О! Ещё вспомнился Гленн Муллин

----------

Пема Ванчук (26.04.2014)

----------


## Dechen Norzang

Преобразование проблем в радость. Вкус Дхармы

----------

Влад К (27.04.2014), Юань Дин (12.05.2014)

----------


## Asanga

Необыкновенно хорошая книга. Недавно провел занятие в дацане по этой книге и тут же все книги раскупили. ))
http://dharma.ru/product/3108

Буддийские медитации: тексты практик и руководств
Составление, перевод с тибетского и английского, примечания М. Н. Кожевниковой
Ответственный редактор А. В. Парибок

----------

Юань Дин (12.05.2014)

----------


## Нико

> Необыкновенно хорошая книга. Недавно провел занятие в дацане по этой книге и тут же все книги раскупили. ))
> http://dharma.ru/product/3108
> 
> Буддийские медитации: тексты практик и руководств
> Составление, перевод с тибетского и английского, примечания М. Н. Кожевниковой
> Ответственный редактор А. В. Парибок


Книги ламы Сопы все необыкновенно хороши.

----------


## Карма Палджор

> Книги ламы Сопы все необыкновенно хороши.


С учетом того что источники в виде дхарани и сутр - не указаны обычно, ннаверное да. и то что потом от ФПМТ испросить про первоисточники не получается - обычная история

----------


## Нико

> С учетом того что источники в виде дхарани и сутр - не указаны обычно, ннаверное да. и то что потом от ФПМТ испросить про первоисточники не получается - обычная история


Книги по его устным учениям составляются, а это, как известно, -- поток медитации.

----------


## Карма Палджор

> Книги по его устным учениям составляются, а это, как известно, -- поток медитации.


Обычная история. С обычным концом в итоге

----------


## Tashi_Tsering

Фундаментальнее некуда: http://dharma.ru/product/1300, http://dharma.ru/product/5763

----------


## Рэлпей

У Дзонкапы и его учеников Далай-лам множество книг и комментариев, но на русском их нет, вам придется изучать тибетский или английский язык, чтобы понимать или узнать больше о Гелук.

----------


## Борис Оширов

Вообще странно, не смотря на то, что на территории России школа гелуг - традиционная форма буддизма, но легче найти тексты любой другой, самой экзотической школы, чем гелугпинские.

----------


## Нико

> Вообще странно, не смотря на то, что на территории России школа гелуг - традиционная форма буддизма, но легче найти тексты любой другой, самой экзотической школы, чем гелугпинские.
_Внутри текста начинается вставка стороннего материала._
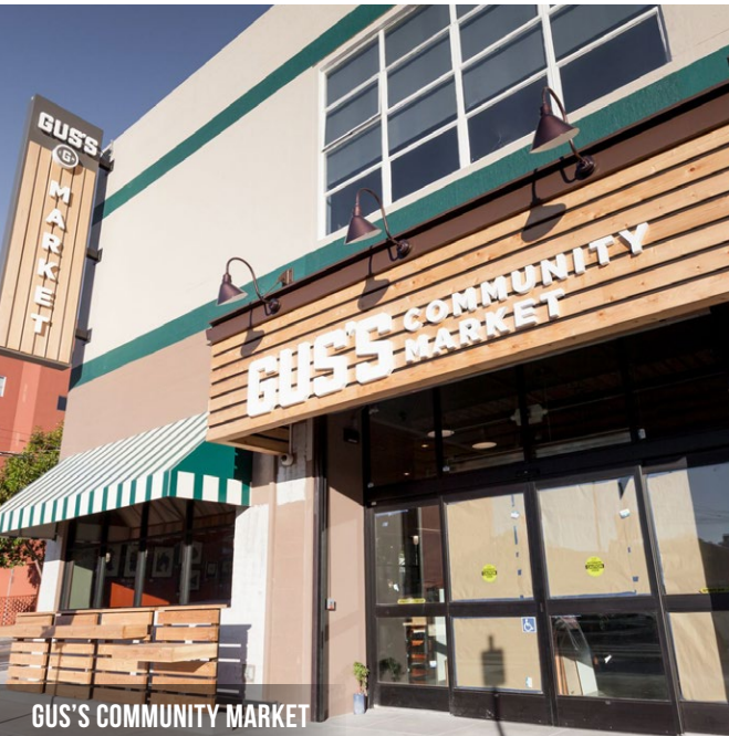
GUS'S COMMUNITY MARKET
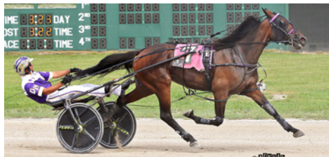
Lady Is Great
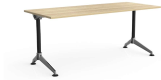
Modulus Single Sided Desk
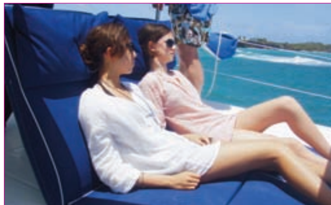
The sunbathing area situated just aft of the steering position is very pleasant, both at sea and at anchor!
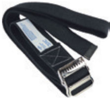
Gait Belt, 72" Count: 1
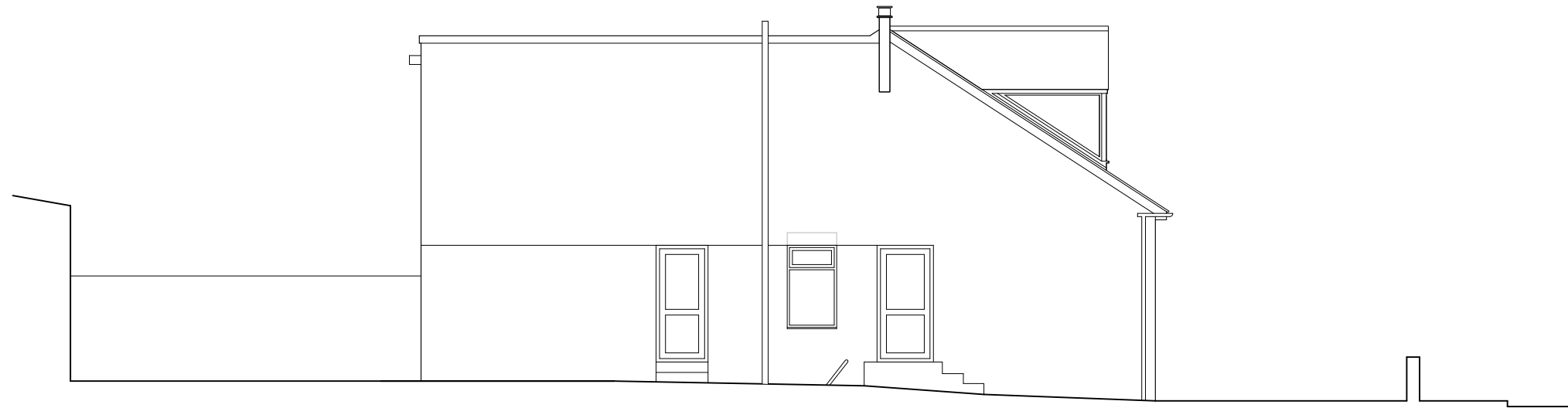
EXISTING SIDE (SOUTH WEST) ELEVATION

А что Вас конкретно интересует?

----------


## Борис Оширов

Например, полная молитва всей линии переемственности Гелуг, с обращением ко всем Далай-ламам, Панчен-ламам и Богдо-гэгэнам. Говорят, что такая существует...
Или вот, наткнулся в учебнике по тиб. языку: "Пять молитв традиции гелугпа: 1) молитва Благостных Деяний; 2) молитва будды Майтреи; 3) молитва Начал и Конца; 4) молитва Блаженных Полей; 5) молитва Деяний Бодхисаттвы" - а где их найти?

----------


## Нико

> Например, полная молитва всей линии переемственности Гелуг, с обращением ко всем Далай-ламам, Панчен-ламам и Богдо-гэгэнам. Говорят, что такая существует...
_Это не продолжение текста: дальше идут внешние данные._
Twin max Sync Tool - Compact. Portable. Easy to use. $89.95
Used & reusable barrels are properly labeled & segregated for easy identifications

Такой отдельной вроде нет, но... в чодовских молитвах есть.




> Или вот, наткнулся в учебнике по тиб. языку: "Пять молитв традиции гелугпа: 1) молитва Благостных Деяний; 2) молитва будды Майтреи; 3) молитва Начал и Конца; 4) молитва Блаженных Полей; 5) молитва Деяний Бодхисаттвы" - а где их найти?


Эмм... Тут нужно написать их на тибетском, чтобы сказать, где именно...

----------